Death, regardless of how it comes, causes grief. However, the current COVID-19 pandemic has presented several peculiarities, from ailing persons dying alone to restricted numbers at funerals. These can make coping with death a bit more challenging.
In an interview with the Barbados Government Information Service, Consultant Psychiatrist at the Psychiatric Hospital Dr Joy Sue discussed some coping mechanisms to help persons deal with death, especially during these times.
Dr Sue explained that normally when medical professionals suspected a client in hospital was close to death, the family would often be called to see that person alive for the last time. This provides closure for relatives, and a sense of peace for the dying person.
However, death has become increasingly complicated for families whose loved ones are isolated with COVID-19 in healthcare facilities. The severity of the respiratory symptoms can make it difficult or impossible for the sick person to speak, or reach out without assistance. The ideal situation would be to facilitate video calls, but Dr Sue pointed out this could not always be done.
“Unless a relative is also in the facility, this may not be possible. When there are relatives in the same facility, they are allowed to visit, talk with and provide support for their loved one by simply just being there,” she shared.
Sadly, some persons with severe cases and underlying conditions have died “alone” as healthy relatives could not visit them due to the contagious nature of COVID-19.
The infectious viral illness has also forced governments around the globe to implement strict measures against social gatherings. Attendance at funerals have been limited to a minimum of five persons in some countries and up to 20 in others. This, too, could present challenges as family members will have to agree on who can and cannot attend.
Here are Dr Sue’s tips for coping with death, especially during the COVID-19 pandemic.
Use technology to connect: When a loved one is dying or has died, family members usually like to come together physically to offer support for each other. With social distancing restrictions, family members should reach out via telephone, text, family groups on WhatsApp, or video and conference calls.

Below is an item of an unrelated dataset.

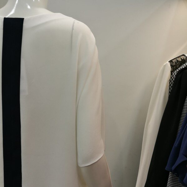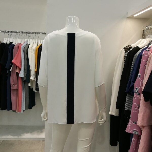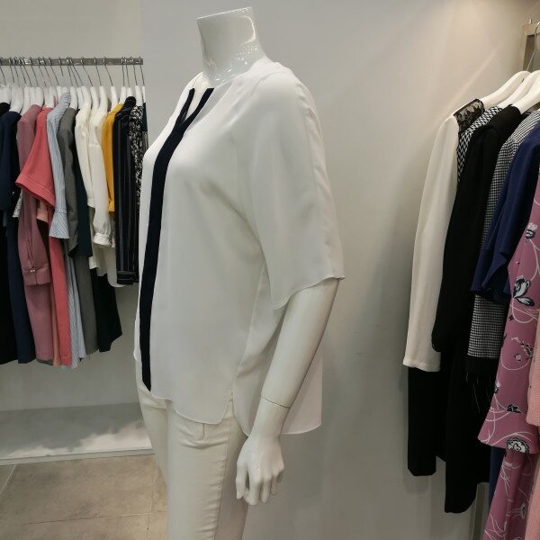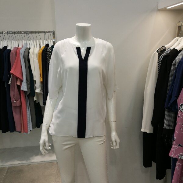 쉬폰블라우스로 시원하고 구김이 거의없으며 물세탁해서 바로 입을수 있는 스타일이며 배색이 되있어세련되었다.

Focus on fond memories: Dr Sue explained that sharing fond memories of the loved one through stories, photos or videos, “helps to remember the good about the person’s life and the impact that person may have had on relatives, instead of only concentrating on the negative aspect of the situation which is the loss”.
Self-care: Dr Sue advised persons not to neglect themselves while grieving, stressing that self-care was very important. Grieving persons should ensure they eat well; drink plenty of healthy fluids; exercise and get enough sleep. Self-care is also helpful in distracting negative thoughts. “Attend to both your physical and psychological health needs,” she stated.
Express grief: Dr Sue urged persons to honestly express their feelings about the death. “They can do this verbally, in writing, through art or another medium. What not to do is put on a brave front for anyone,” she cautioned.
Acknowledge grief is unique: While the psychiatrist called on persons to express their feelings, she warned them not to compare their grieving process to others. “Some people may cry and others may not. That does not make the former weak and the latter cold. Be patient with yourself. People grieve for different lengths of time, and sometimes when you believe you are over the death, an anniversary may come around that stirs up the feelings of loss and sadness again. This is normal, so do not judge yourself,” she outlined.
Avoid gateway habits: Activities that appear to be helpful in the short term but could cause long-term problems should be avoided, such as alcohol or substance use. “They should not be used as coping mechanisms as there is the risk of developing dependence which may last well beyond your period of grieving,” Dr Sue warned.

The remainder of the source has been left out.